Viele Menschen wollen weg von der Fast Fashion, bei der Kinderarbeit oft eine Rolle spielt. Die Hohenheimer Institute haben jetzt ein Prüfverfahren für Textilien entwickelt.

Wenig Chemie in der Kleidung – das wünschen sich inzwischen nicht wenige Kunden. Längst ist Nachhaltigkeit zum Trend geworden. Aber was ist daran echt? „Die Mode-Industrie nutzt es zu Werbezwecken, aber oft wird das Versprechen nicht gehalten“, sagt Brunhilde Schreijäg, die in der Ludwigsburger City in ihrem Laden Beyavista seit neun Jahren Öko-Mode verkauft.
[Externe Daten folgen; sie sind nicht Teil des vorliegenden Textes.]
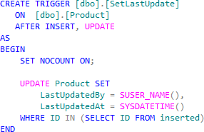 Trigger sind gespeicherte Prozeduren, die bei bestimmten Tabellenereignissen (INSERT, UPDATE, DELETE) ausgeführt werden. Innerhalb eines Triggers ist es möglich, auf die ursprünglichen und geänderten Daten zuzugreifen und darauf zu reagieren.

Die Kunden orientierten sich angesichts der Unsicherheit zunehmend an Qualitätssiegeln. „Neue Siegel wären sehr zu begrüßen – es müsste sich noch mehr tun.“

 

Der Textilmarkt der EU soll sich ändern

Mehr Aufklärung über die Chemie in der Kleidung könne zu einem Umdenken führen, denkt die Modefachfrau Schreijäg. „Manche Verbraucher haben keine Ahnung, auf was sie sich einlassen.“ Eine Welle der Empörung ergoss sich vor etwa zehn Jahren, als die katastrophalen Zustände der Kleiderproduktion in Indien und Bangladesch nach Unglücken in Fabriken in den Fokus rückten. So gerieten auch deutsche Modehäuser in die Kritik, weil sie unter anderem Produkte aus Kinderarbeit verkauften.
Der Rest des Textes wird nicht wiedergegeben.